─── Data below

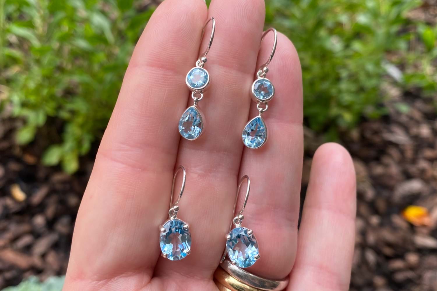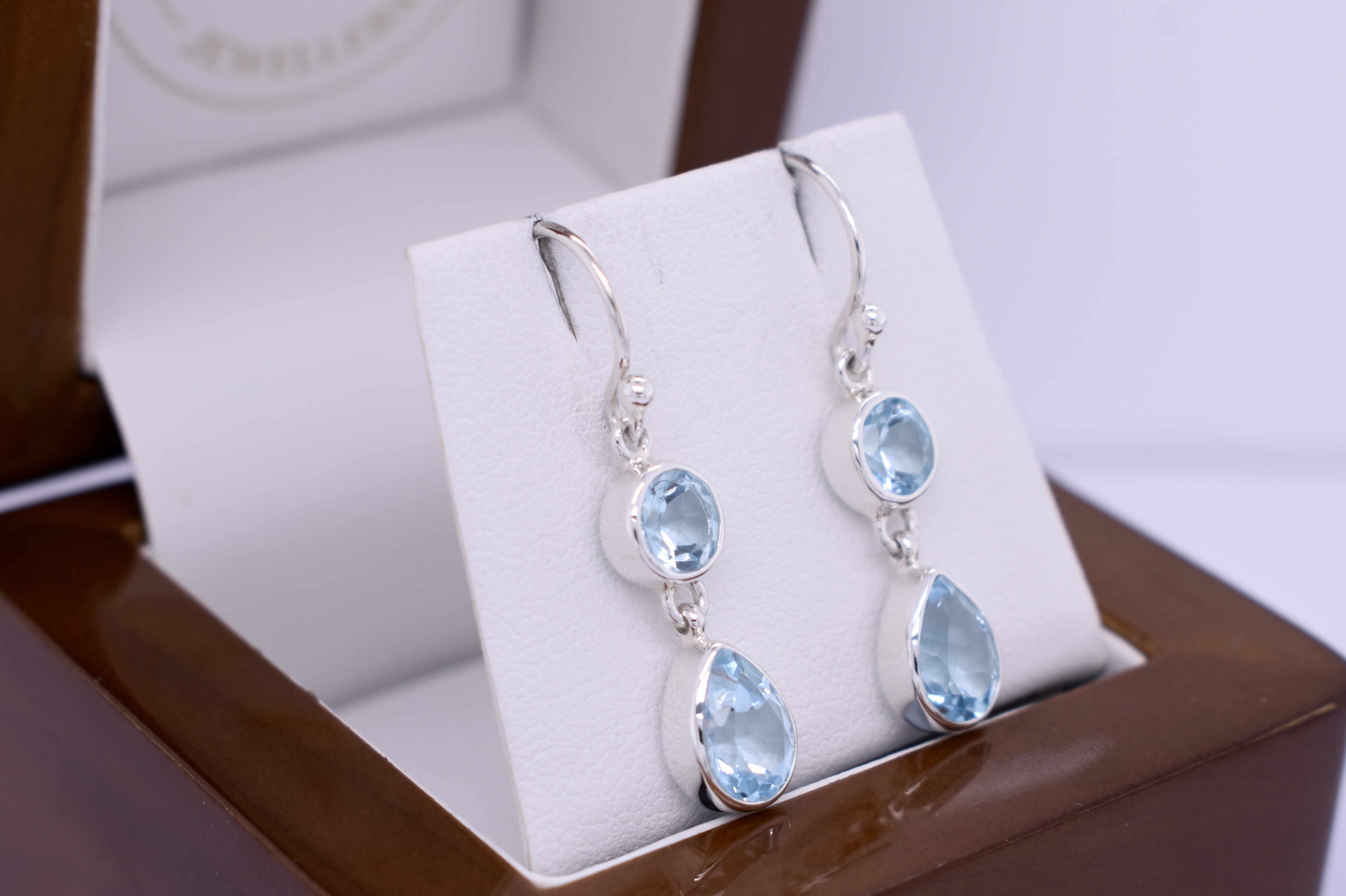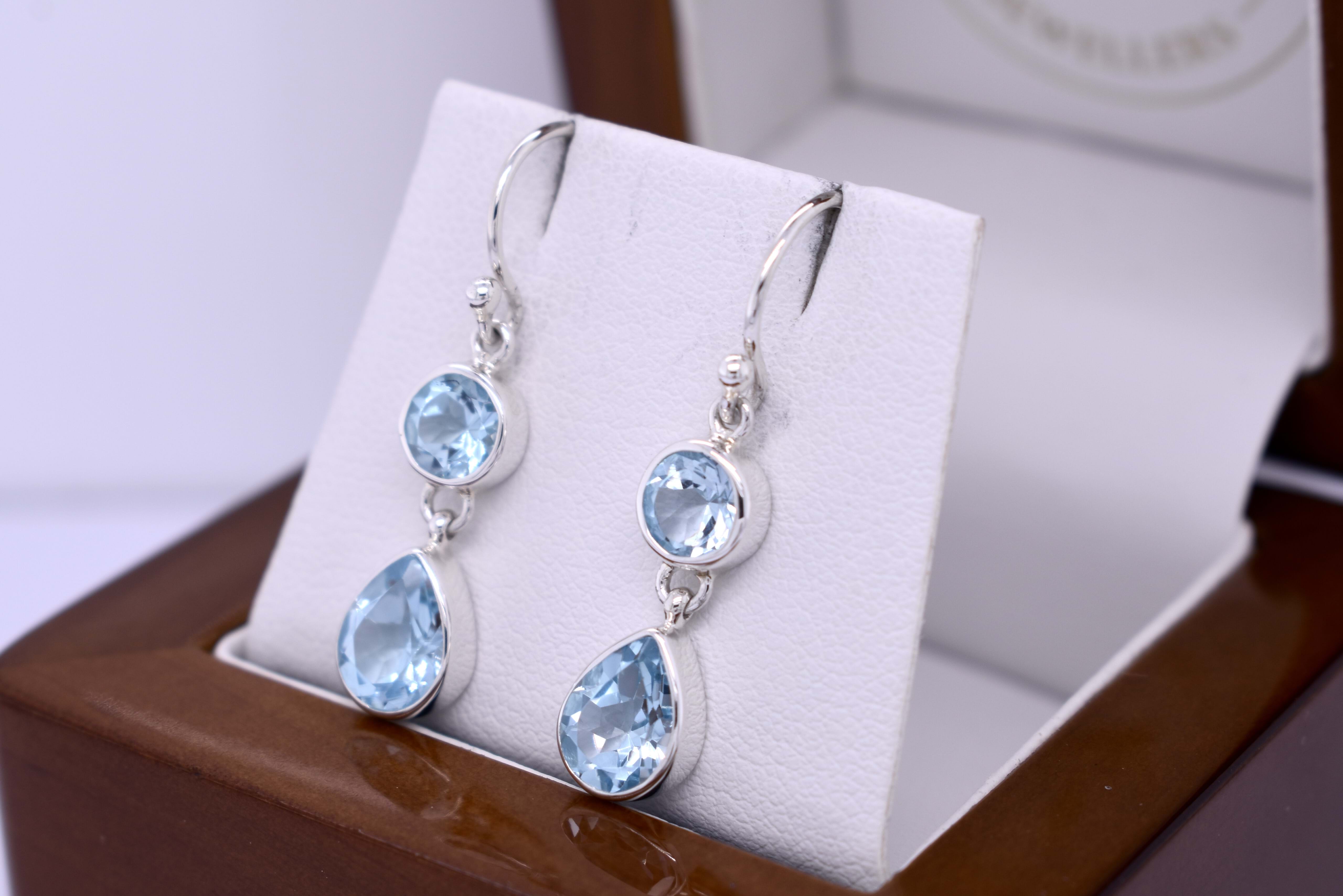 This pair of stunning sterling silver double drops featuring two 9.1x6.9mm pear shaped stones suspended from 6.5mm round stones, bezel set in a handmade settings with shepherd hook fittings.
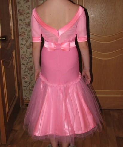 Vipera Опубликовано 17 февраля, 2014 Автор Поделиться #24 Опубликовано 17 февраля, 2014 Итак, вчера мы ездили на рейтинг Ю1 Д класс. Делюсь общими впечатлениями: как я писала в соседней ветке народ танцует кто во что горазд-вплоть до обычного бельевого кружева, портьерного тюля и вязаных цветов на платье. Такое ощущение, что портнихи (или родители) пытаются перещеголять друг друга в "оригинальности" пускай даже и ценой общего жуткого вида платья. По нашей латине: 1. Танцевать с длинным рукавом в маленьких залах очень жарко-меняли платья 3 раза-с потного тельца стаскивать узкий рукав занятие малоприятное, хорошо хоть в перерывах между турами платье успевает проветриваться ;))) 2. Боа очень сильно красит колени. Раза 2 вытирали влажной салфеткой. Кроме этого дочка периодически норовит помусолить потными же ладошками подол и соответственно руки тоже окрашиваются в розовый...3. Пояс "путешествует" по всей окружности талии. Но меня это не особо напрягает т.к. не очень люблю всякие лишние крючки-кнопки в платьях, к тому же он цельносшитый и шов не так заметен как застежка на крючках. 4. Ну и боа как ни смешно весьма травмоопасная вещь как оказалось! Дочка в перерыве, заигрывая, кривляясь и дрыгая ногами с партнером, умудрилась зацепиться каблуком за "петлю" между боа и подолом и чуть не расшибла лоб.Фото с моего фотика, зал темный и фоткала издалека;((( моя тема Ссылка на сообщение Поделиться на другие сайты Поделиться
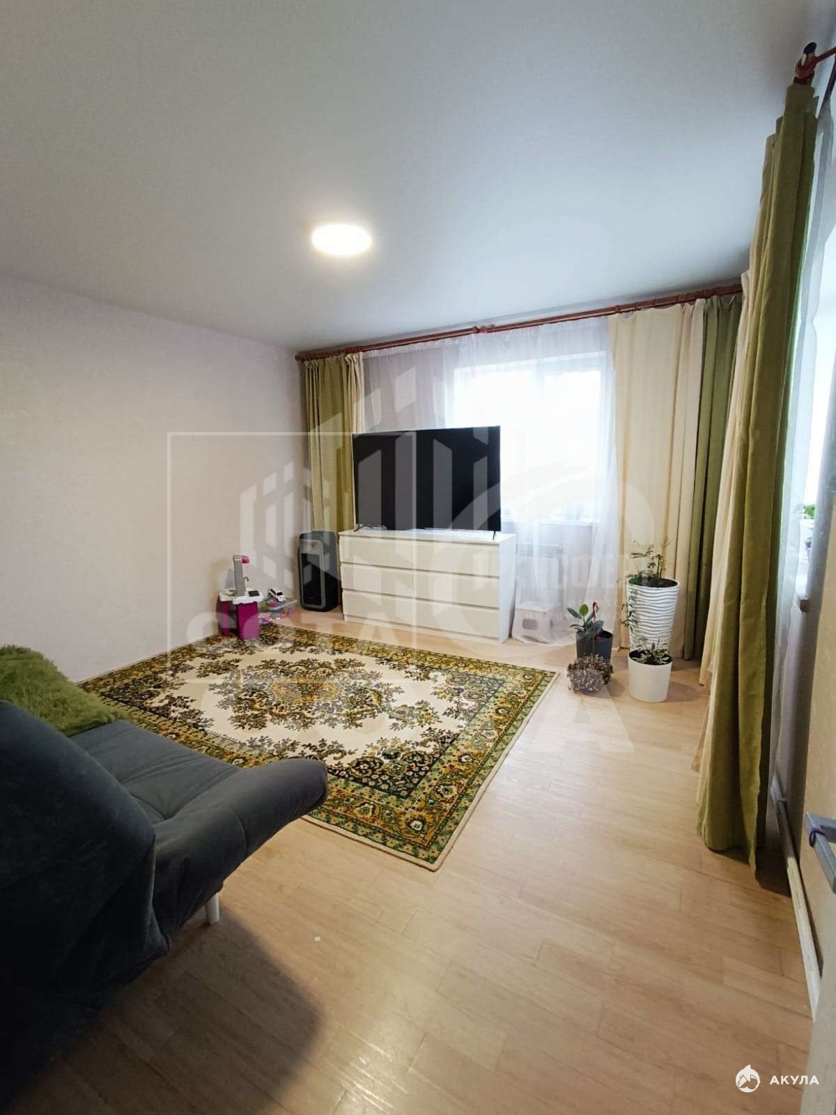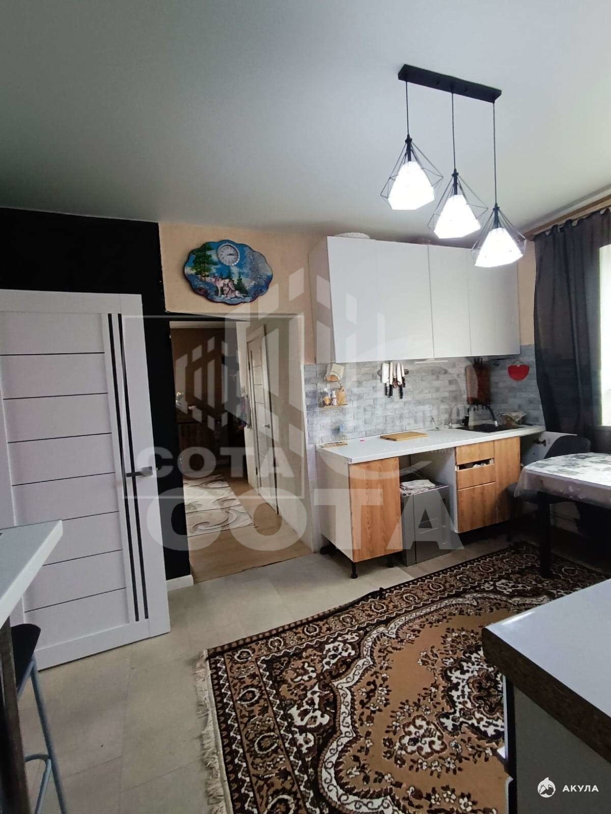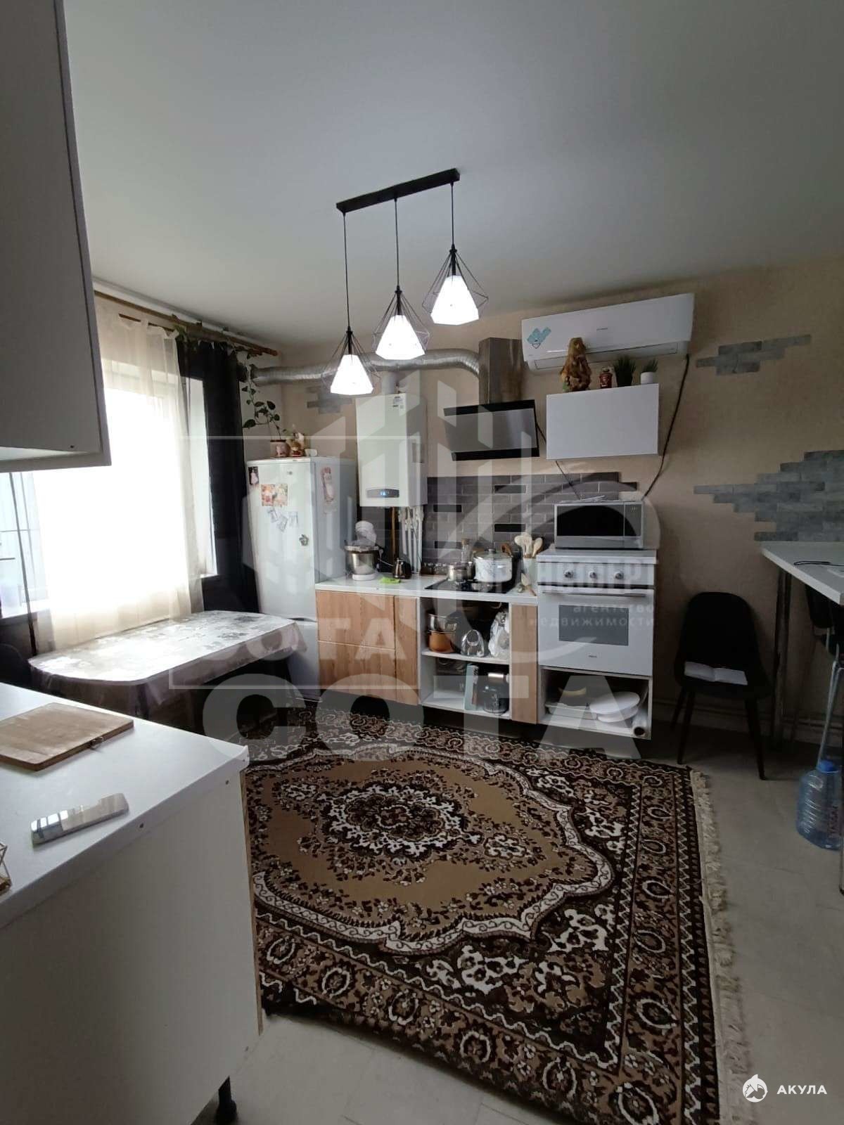 Натяжные потолки, пластиковые окна, на полу - линолеум, на кухне и в ванной - плитка, хорошие входная и межкомнатные двери, алюминиевые батареи, двухконтурный котёл.

──────

- [Your task]: Apart from the pictures, the material above has to be repeated exactly.

- [Solution to this exercise]:
 This pair of stunning sterling silver double drops featuring two 9.1x6.9mm pear shaped stones suspended from 6.5mm round stones, bezel set in a handmade settings with shepherd hook fittings.
 Vipera Опубликовано 17 февраля, 2014 Автор Поделиться #24 Опубликовано 17 февраля, 2014 Итак, вчера мы ездили на рейтинг Ю1 Д класс. Делюсь общими впечатлениями: как я писала в соседней ветке народ танцует кто во что горазд-вплоть до обычного бельевого кружева, портьерного тюля и вязаных цветов на платье. Такое ощущение, что портнихи (или родители) пытаются перещеголять друг друга в "оригинальности" пускай даже и ценой общего жуткого вида платья. По нашей латине: 1. Танцевать с длинным рукавом в маленьких залах очень жарко-меняли платья 3 раза-с потного тельца стаскивать узкий рукав занятие малоприятное, хорошо хоть в перерывах между турами платье успевает проветриваться ;))) 2. Боа очень сильно красит колени. Раза 2 вытирали влажной салфеткой. Кроме этого дочка периодически норовит помусолить потными же ладошками подол и соответственно руки тоже окрашиваются в розовый...3. Пояс "путешествует" по всей окружности талии. Но меня это не особо напрягает т.к. не очень люблю всякие лишние крючки-кнопки в платьях, к тому же он цельносшитый и шов не так заметен как застежка на крючках. 4. Ну и боа как ни смешно весьма травмоопасная вещь как оказалось! Дочка в перерыве, заигрывая, кривляясь и дрыгая ногами с партнером, умудрилась зацепиться каблуком за "петлю" между боа и подолом и чуть не расшибла лоб.Фото с моего фотика, зал темный и фоткала издалека;((( моя тема Ссылка на сообщение Поделиться на другие сайты Поделиться
 Натяжные потолки, пластиковые окна, на полу - линолеум, на кухне и в ванной - плитка, хорошие входная и межкомнатные двери, алюминиевые батареи, двухконтурный котёл.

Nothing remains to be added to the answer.